Exercise 21.3.1: Place Your Project on the Tree Conceptual

For each scenario, name the recommended strategy from Table 21.3.1 and justify it in two sentences: (a) 50,000 photos of everyday objects from web images, (b) 300 grayscale microscopy images of cell types, (c) 2,000 satellite tiles for land-use classification, (d) 5 million product photos for a retail catalog. For each, also state what you would do with the batch-normalization layers and why, referring to Chapter 19.

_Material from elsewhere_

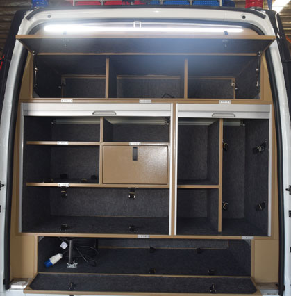 整車裝備柜集成存儲多種警用裝備等專業(yè)設(shè)施,使整車成為一個移動式機動作戰(zhàn)單元。

Exercise 21.3.2: Feature Extraction vs Fine-Tuning, Measured Coding

Take a pretrained ResNet-50 and a small dataset (for example the Oxford Pets or Flowers-102 dataset, both in torchvision). Train three models with identical augmentation and schedule: feature extraction (frozen backbone), full fine-tuning at a single learning rate, and full fine-tuning with the discriminative learning rates from subsection 3. Report final validation accuracy and training time for each. Confirm that discriminative learning rates match or beat the single-rate fine-tune while disturbing the early features less.

Exercise 21.3.3: Visualize What the First Layer Learned Analysis

Load a pretrained ResNet-50 and extract the weights of its first convolution (model.conv1.weight, shape $64 \times 3 \times 7 \times 7$). Visualize all 64 filters as small RGB images. Identify oriented edges, color-opponent blobs, and frequency-selective patterns, and compare them to the Gabor and Sobel kernels of Chapter 3. Write a paragraph arguing, from what you see, why these specific filters are safe to freeze and reuse across almost any visual task.